# Dragon Blood Peacocks



## PitBully (Apr 14, 2009)

How big do they get? Do females have the intense red just like the males?

Thanks


----------



## dan_mccabe (Apr 24, 2009)

*** seen full size dragon bloods up to 5 or 6 inches long... mine is about 3 inches as of now... its a nicely coloured male


----------



## Scooty814 (Aug 21, 2007)

Yes, the males and females do look the same. They both have white/pink/red coloration. 
Being that they are crossed with Mbuna, thats why the coloration. Hope that helps. My full grown, are now around 5 1/2 inches and amazing, but have to be seperate. When they are together, the male terrorizes the other tank mates.


----------



## Number6 (Mar 13, 2003)

Scooty814 said:


> Being that they are crossed with Mbuna,


 do you know this? 
I know it's suspected, but to see you state it as "fact" makes me wonder if there is a reason.


----------



## KATALE (Jul 25, 2008)

uuuuuuuuuuuuuuuuuuummmmmmmmmmmmmmmmmmmmmm?????????????? no!!!!!

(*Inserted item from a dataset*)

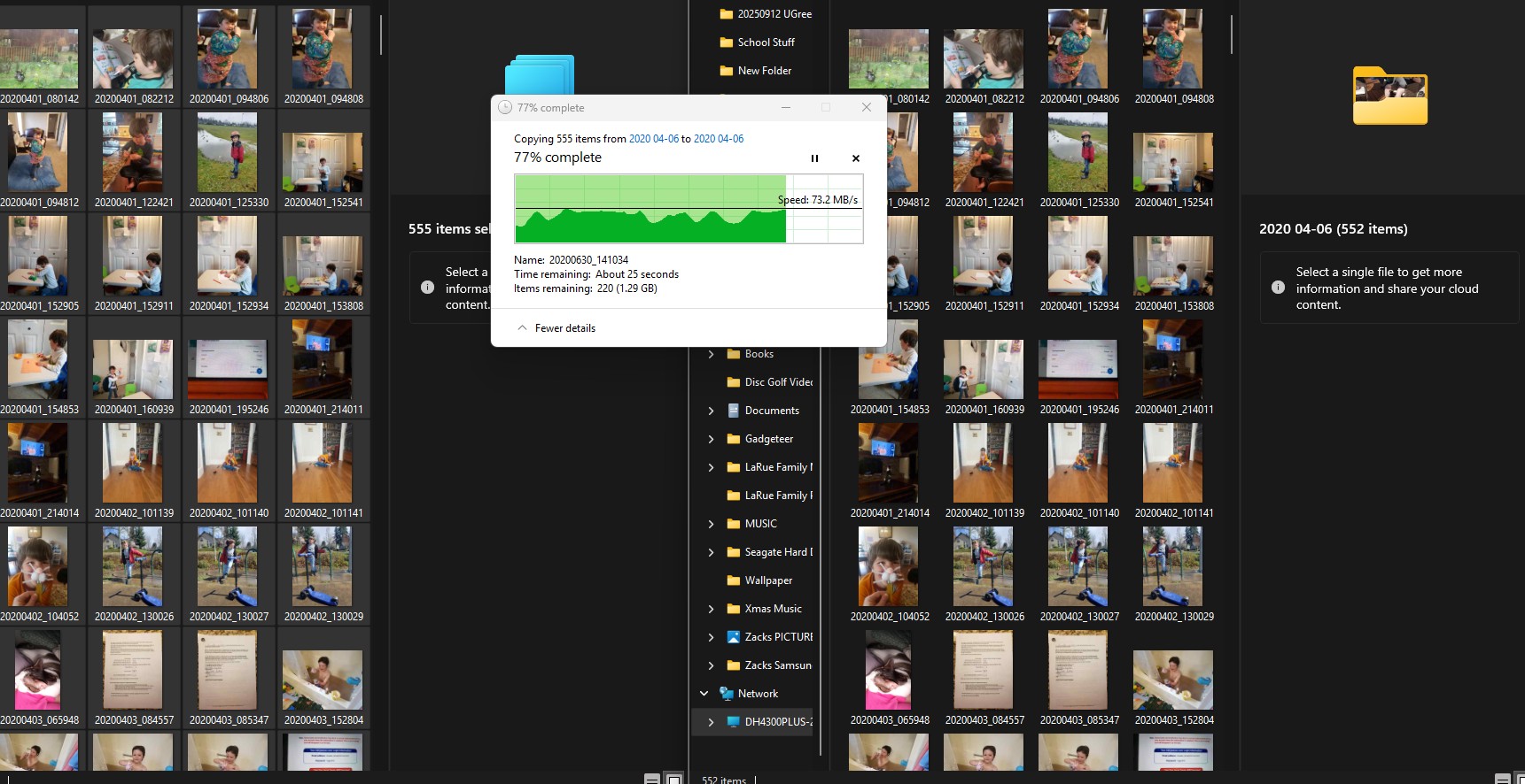 I then connected it to my laptop’s USB 3.2 SS port and transferred 10.2 GB of photos via the web interface as well which took 5:08mins for 33.9 MB/s so not much difference. I tried connecting the external drive directly to one of the two USB 3.2 ports on the UGREEN NASync DH4300 Plus and oddly enough those transfer speeds were about the same. Obviously, you are limited by your computer, external hard drive, and USB transfer speeds, but also the read and write rate of the hard drives in the NAS, so initial uploading of files may take some time. I can probably improve the transfer speeds but finding the choke points will be a project in itself which I won’t get to during this review.

the females do not get anywhere as intense as the males....... they stay a more plain color and the males get very intense in color.. i have never seen a female that looks like a male.........

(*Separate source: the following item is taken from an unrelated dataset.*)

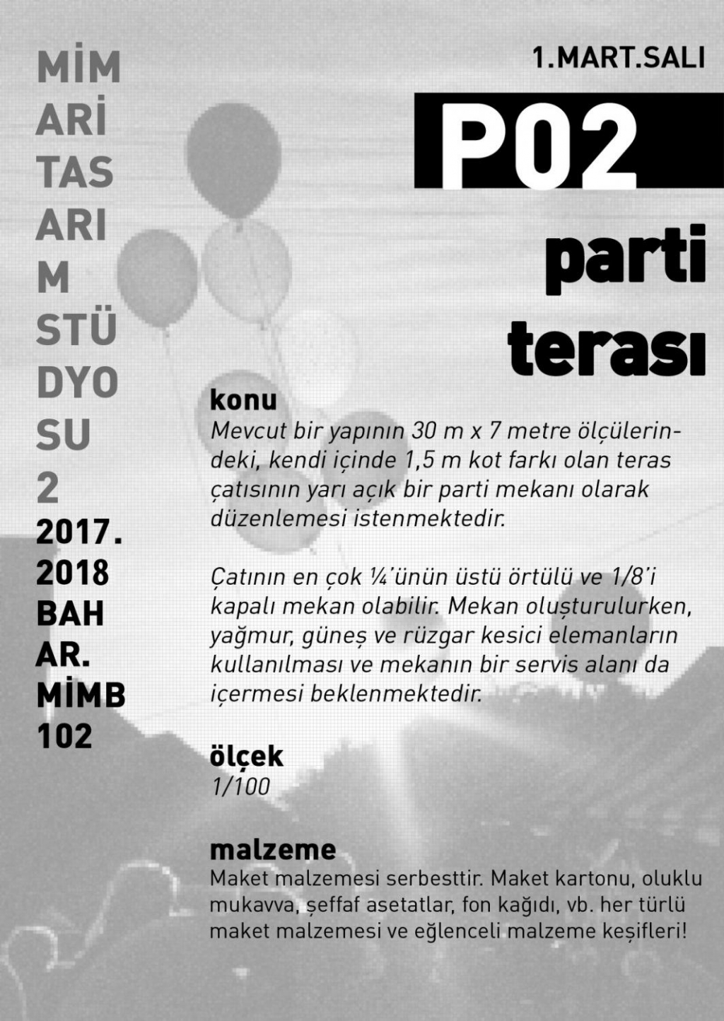 Design Studio 2'de Proje 2'de (Terrace Party) yaptığımız. Mevcut bir yapının 30m x 7m ölçülerindeki, kendi içinde1,5m kot farkı olan teras çatısının yarı açık bir parti mekanı olarak düzenlenmesi istenildi. Bende çatının 1/4'nün üstü örtülü ve 1/8'i kapalı mekan olarak tasarladım. Mekan oluşturulurken, yağmur, güneş ve rüzgar kesici elemanların kullanılması ve mekanın bir servis alanı da içerecek şekilde tamamladım. Temel amacı öğrencilere üç boyutlu düşünme ve görselleştirme yeteneği elde etmektir. Üç boyutlu formlara uygulanan gelişmiş temel tasarım ve grafik ilkelerini ve tasarım unsurlarını vurgulamak için tasarlanmış bir stüdyo dersi. Sosyal ve yerleşik çevre verilerinin mekan ve mimari tasarım üzerindeki etkilerinin incelenmesi. Belirli ortamlardaki uygun faaliyetler nedeniyle mimari ve iç mekan tasarımı oluşturma bilgisine sahip olmak. Çevre-mekan ve yapı ilişkileri farklı tasarım seviyelerinde. Amaç, öğrencilerin fonksiyon-form-uygulama-kullanım sürecini kavramalarını sağlamaktır.

and as far as being crossed with an mbuna??????????? no way... the closest thing to an mbuna would be a lake vic hap......... every now and then u may see something that looks like an oblique body but not mbuna....... sorry,, *** had these for years.... its def a hybrid but theres no mbuna in it at all


----------



## lopes2434 (Feb 20, 2009)

Sorry for hijacking your post But do you guys think this guy is a dragon blood?










The breed i got him from told me he is an Albino Eureka?


----------



## Number6 (Mar 13, 2003)

KATALE said:


> its def a hybrid but theres no mbuna in it at all


 I don't see how you could say this categorically either...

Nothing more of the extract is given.